Mitja Kosmina – CQS Ottica Inn Tempus Fugit – sottolinea nuovamente la sfortuna avuta col vento, che li ha colti di sorpresa: “Abbiamo fatto una buona partenza, abbiamo pianificato bene, pensavamo che il vento calasse, invece è aumentato e girato a destra di quello che ritenevamo. Questo vento ci ha presi nel nostro punto debole, ma è stato comunque un grande spettacolo, una festa e un’esperienza unica. Il vento non ci ha aiutati, abbiamo fatto il meglio possibile. Siamo partiti sottovento per scelta, lì potevamo colpire con le migliori condizioni”.

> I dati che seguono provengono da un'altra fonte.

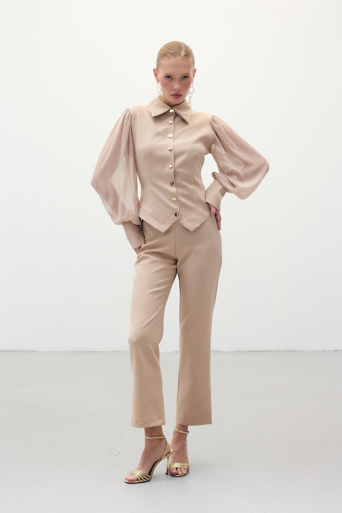 Şifon Kol Gömlek - Bej Şifon Kol Gömlek - Bej STN139KGO1545 42
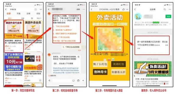 诸如在淘宝或闲鱼,他们会以0.01元价格的超低价,然后提前埋伏好外卖优惠券、外卖红包等关键词进行引流,吸引用户成交购买优惠券。客户成交后,再通过旺旺的自动回复功能,将客户指引到指定的微信公众号中获取外卖红包,然后再通过提前预置好的关键词回复中,为用户推送其推广的外卖红包券,进而达成自动化引流和获客。
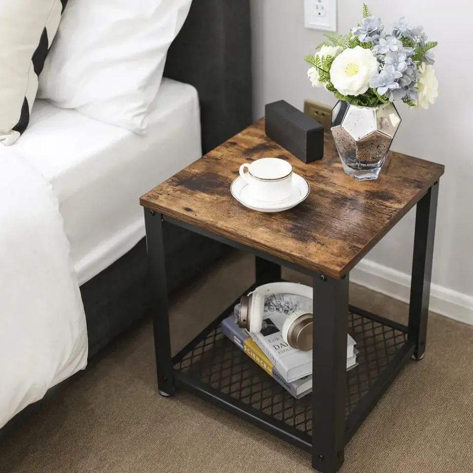 En dat is nog niet alles! Er zijn ook twee opbergplanken beschikbaar waardoor er ruimte genoeg is voor magazines, decoratie of boeken. De afmetingen van 45×45 cm maken het meubel extra praktisch. Het draagvermogen van het bovenblad is 20 kg en dat van het rooster is 15 kg.
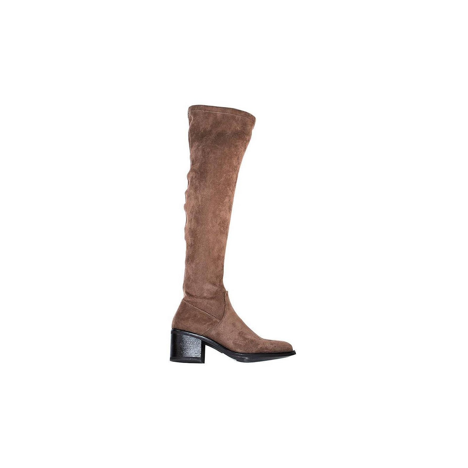 13034 DANGELA. Bota alta en material de antelina con licra, cierre con cremallera interior para un calze perfecto. Piso con tacón ancho de 5cm. aprox. Tus botas con las que marcarás estilo este invierno.
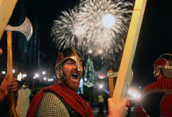 愛丁堡,蘇格蘭人穿著海盜服飾舉著火炬游行慶祝新年,千萬(wàn)人加入到了火炬游行的隊(duì)伍中。
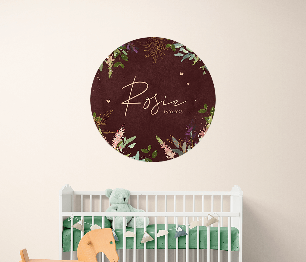 Papier peint rond avec fond marron, feuillages et pénom enfant
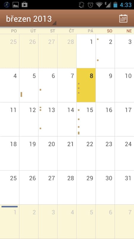 Pro kalendář máme přímo aplikaci, která je docela obyčejná, události se zobrazují v měsíčním, týdenním i denním náhledu, popřípadě jako agenda. V kalendáři se také zobrazují státní svátky a jiné významné události a není problém používat také kalendář z Google.
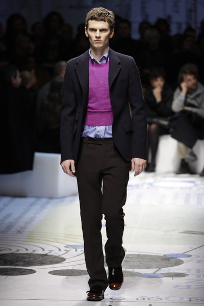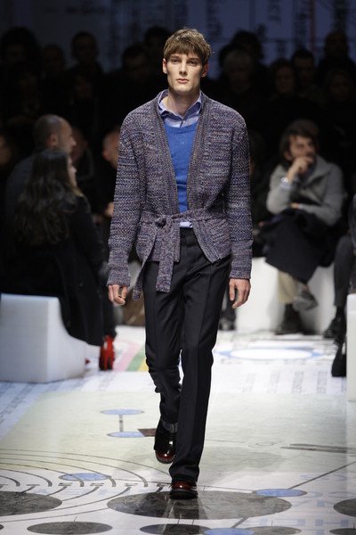 The menswear summer-collection Prada sent out yesterday had a sporty marine-vibe thanks to all the blue & white, the navyblue fishermen-sweaters, the boxy bermudas, wide trousers and lots of keels. It reminded me of the sportsgear sailors wear during a storm or a windy day at the boat. It looked boyish too because of the oversized silhouettes, the multi-colored knitwear and last but not least the shoes with thick soles. You could almost hear them squeeze.
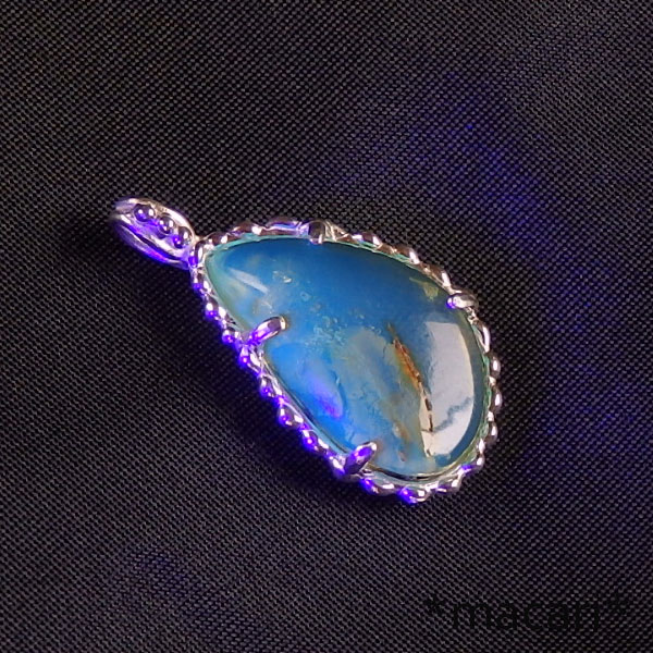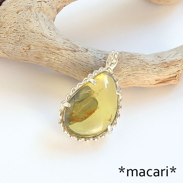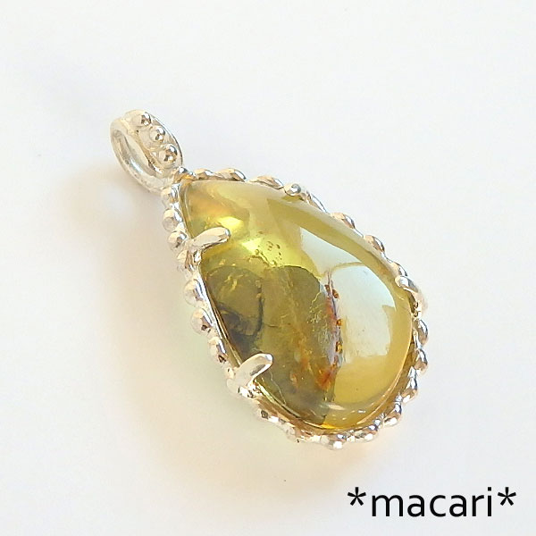 内包物は一見葉っぱの様にも見えたのですが、葉脈が見当たらないので違うもののようです。 こちらは強蛍光タイプではありませんが、ブラックライトなどに当てると ドミニカ共和国で産出する琥珀で紫外線に当たるとネオンブルーの鮮やかな蛍光を放ちます。 表面にインクルージョンに由来する溝などが見られますので、ご了承ください。 |
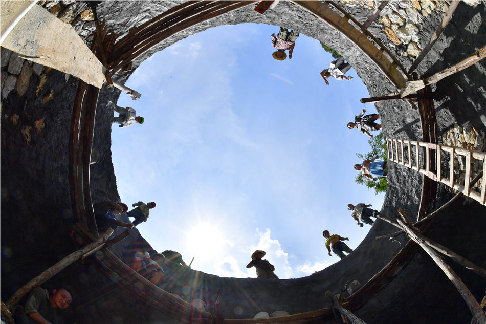 在广西大化瑶族自治县板升乡弄勇村,群众在修建家庭水柜(2017年9月2日摄)。 广西有近一半贫困人口生活在石漠化地区,涉及数十个县区。这里也是广西饮水保障程度最低的地区,解决贫困人口饮水问题是广西脱贫攻坚战“硬仗中的硬仗”。 “十三五”以来,广西加快实施农村饮水安全巩固提升工程。因地制宜,采取新建、扩建及管网延伸等多种措施,补齐贫困地区水利薄弱短板,进一步提升石漠化地区群众饮水安全保障水平,助推脱贫攻坚。 新华社记者 黄孝邦 摄
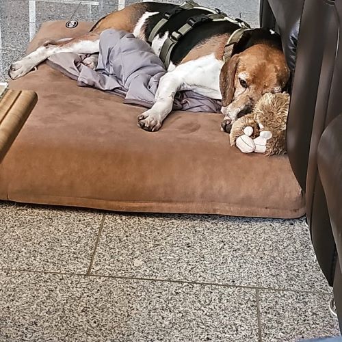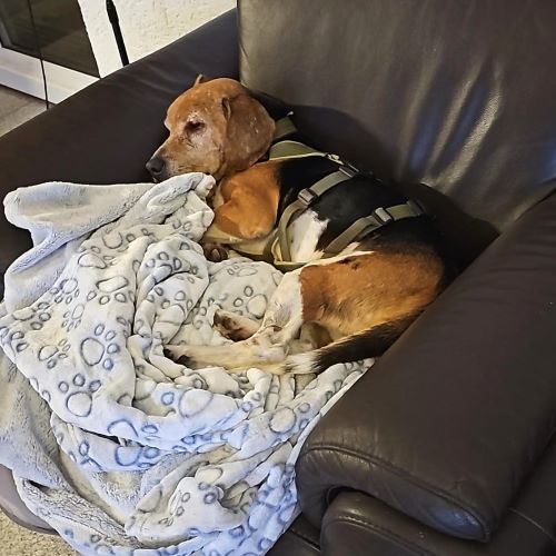 Gustav wäre gerne immer und überall dabei, er bleibt zwar mit den anderen Hunden auch schon mal kurzzeitig alleine im Zimmer, aber er hat ein sehr großes Bedürfnis auf menschliche Nähe – wie kann man es ihm verdenken. Dass in Gustav eine gehörige Portion Beagle drinsteckt, zeigt sich spätestens in seiner Leidenschaft gegenüber essbaren Dingen. Und so sollte man Essbares immer gut wegräumen, damit es nicht von Gustav’s Nase aufgespürt wird und ungehindert den Weg in seinen Bauch findet. Gerade in der Vorweihnachtszeit durchaus eine Herausforderung. Gustav liegt gerne mit auf der Couch und genießt die Kuscheleinheiten am Abend ganz besonders. Bei Aufregung, zum Beispiel, wenn das Pflegefrauchen kurz weg war oder sich ein Spaziergang „anbahnt“, bellt Gustav schon gerne mal, beruhigt sich dann aber auch schnell wieder.
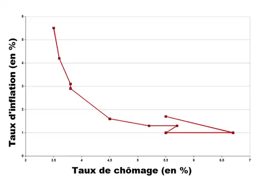 De ce fait, cette relation apparemment simple s'est retrouvée au centre de controverses touchant à des évolutions fondamentales de l'économie de la seconde moitié du XXe siècle, en particulier la question des politiques économiques et des anticipations. Au niveau empirique, la stagflation des années 1970 inflige un cruel démenti aux résultats antérieurs et confirme l'analyse monétariste : chômage élevé et forte inflation paraissent être deux phénomènes qui peuvent coexister pendant une période assez longue[2].
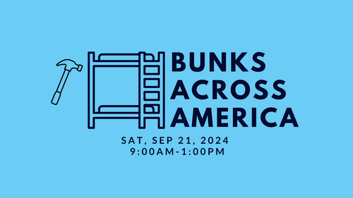 Our annual Sleep in Heavenly Peace Bed Build is coming up on Saturday, September 21st. We will be building beds from 9:00AM to 1:00PM in the parking lot in front of The Warehouse. Lunch will be provided for all volunteers!
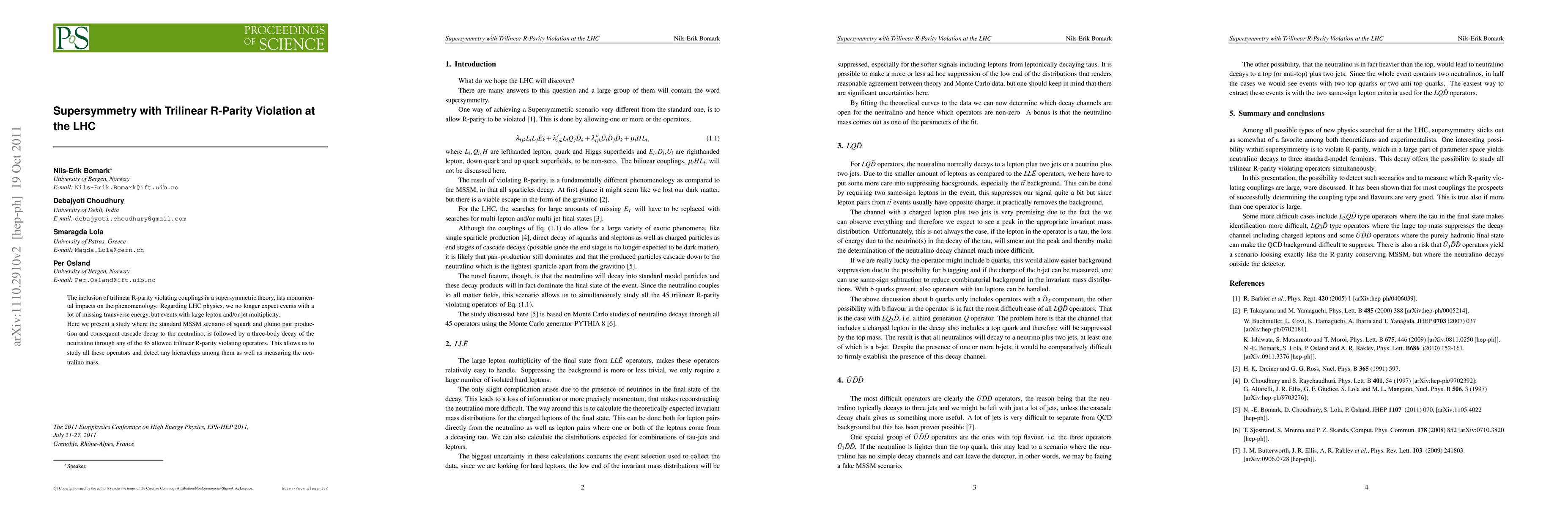 The inclusion of trilinear R-parity violating couplings in a supersymmetric theory, has monumental impacts on the phenomenology. Regarding LHC physics, we no longer expect events with a lot of missing transverse energy, but events with large lepton and/or jet multiplicity. Here we present a study where the standard MSSM scenario of squark and gluino pair production and consequent cascade decay to the neutralino, is followed by a three-body decay of the neutralino through any of the 45 allowed trilinear R-parity violating operators. This allows us to study all these operators and detect any hierarchies among them as well as measuring the neutralino mass.
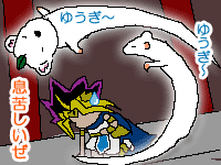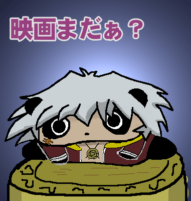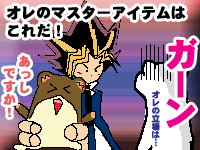 ヅラ絵−第4弾! 『たれバクラ』を作ってみました。 『冥界の石盤』の上に座る盗賊王というつもりで作ったのですが、石盤が”今川焼き”みたいで、ちょっと迫力が出ませんでした。 |
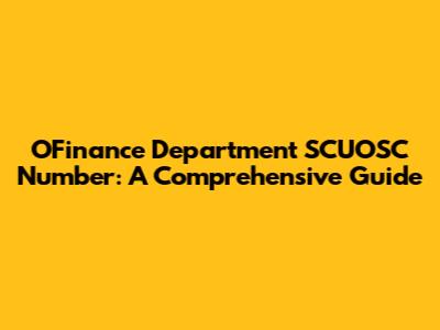 OFinance Department SCUOSC Number: Everything You Need To Know
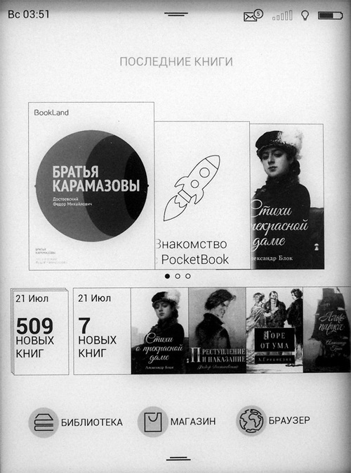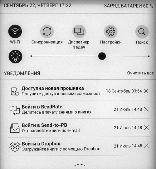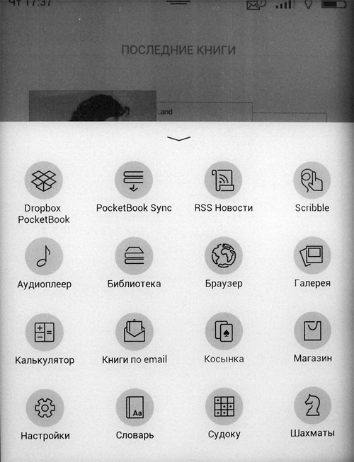 Приложения, появляющиеся по смахивающему жесту от низа экрана (шеврона) на главной странице. Различные сервисы, игры, приложения, настройки. Если для чтения вы пользуетесь различными ридерами и смартфонами, то лучше воспользоваться сервисами синхронизации контента: через Pocketbook Sync или Dropbox.
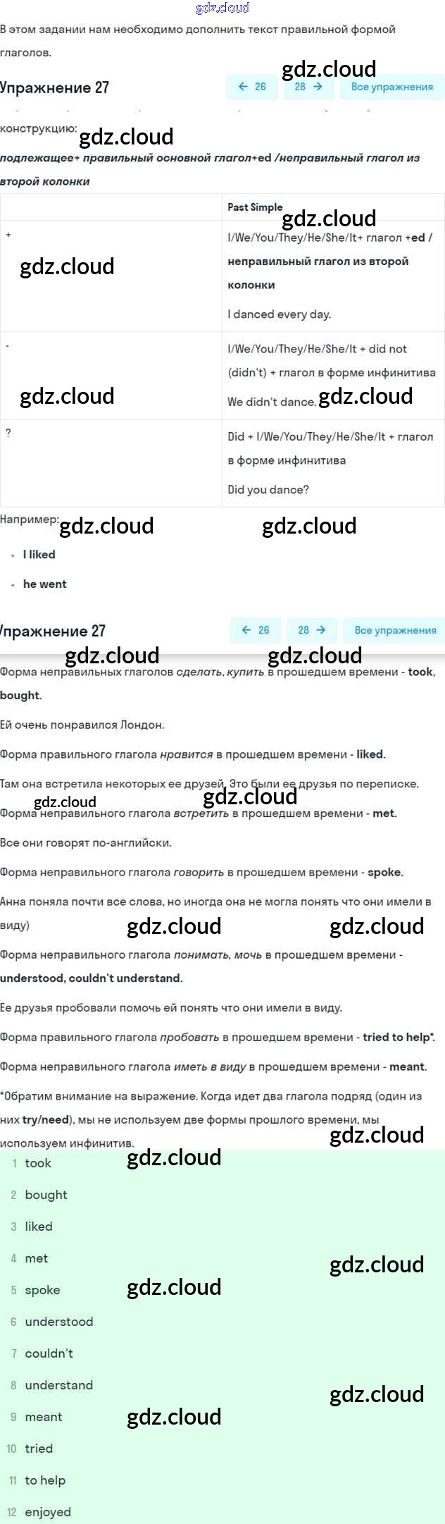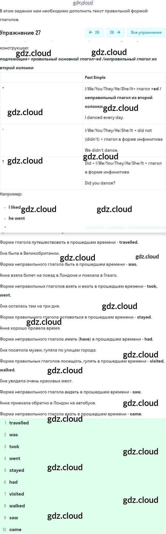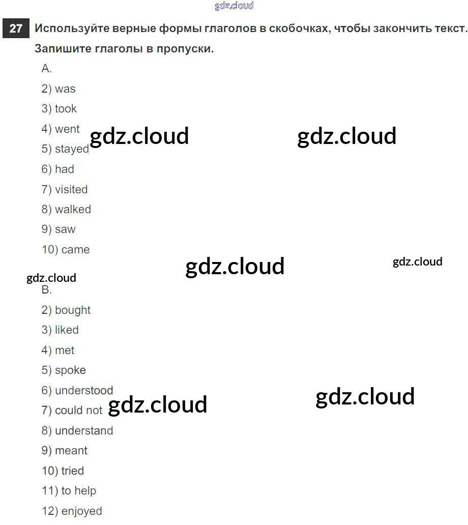Ответ на задание 27 Рабочая тетрадь Английский язык  за 6 (шестой) класс Афанасьева, Михеева, Баранова Rainbow  2017

Mauro Pelaschier, della Viriella, arrivata quarta: “Una Barcolana meravigliosa, con un Viriella che è una nave a vela, importante e impegnativa in una regata sia per le dimensioni che il peso. Ma Viriella ha saputo dare il massimo che poteva dare, abbiamo fatto delle giuste scelte in relazione al vento. Il quarto posto è il risultato migliore possibile per uno scafo da crociera da 130 tonnellate, subito dietro ai tre scafi da regata: grazie all’equipaggio, all’armatore Vittorio Moretti, allo Yacht Club Costa Smeralda, e soprattutto grazie a One Ocean Foundation: quello che vorrei adesso, è che tutti i 30mila regatanti firmassero la Charta Smeralda e insieme, tutti, proteggessimo di più il nostro mare”.

Evelina Christillin, membro aggiuntivo della UEFA nel Consiglio della FIFA, ha commentato: “E’ stata la più bella Barcolana a cui io abbia mai partecipato. C’è stata una partecipazione incredibile, bel vento, e a bordo di Woodpecker siamo arrivati quinti: un ottimo risultato per noi. Per chi si occupa di sport, una manifestazione così ricca di persone e partecipazione è un collante straordinario per la città. Coniuga sport ad accessibilità per tutti. E aver avuto qui anche l’Amerigo Vespucci e le Frecce Tricolori ci ha dato l’immagine di un’Italia che vorremmo vedere sempre”.

Vasco Vascotto, capitano dell’imbarcazione Anemos, arrivata settima, è altrettanto positivo: “La più bella Barcolana di sempre per condizioni meteo, con un vento speciale. Il record riguarda gli iscritti, ma anche i partenti, record di velocità del percorso e di pubblico. Insomma, più di così difficile immaginare, eppure la Barcolana supera se stessa ogni anno. Sono davvero orgoglioso della mia città. Per chiudere voglio dire questo, e senza mancare di rispetto a nessuno: essere presenti a questo evento vuol dire aver già vinto, perché qui ha vinto Trieste, e hanno vinto tutti i velisti che hanno fatto parte di questa grande festa”.

Riccardo Bonadeo, Commodoro dello Yacht Club Costa Smeralda: “In 45 anni di vela, questo è stato l’evento più straordinario che io abbia mai vissuto, più emozionante del Fastnet del 1979. Voglio fare ringraziamento veramente grande agli amici di Barcola perché hanno permesso a noi dello Yacht Club Costa Smeralda e a One Ocean Foundation di lanciare il messaggio per la sostenibilità dei mari, abbiamo fatto un grande lavoro, e Barcolana è una esperienza unica”.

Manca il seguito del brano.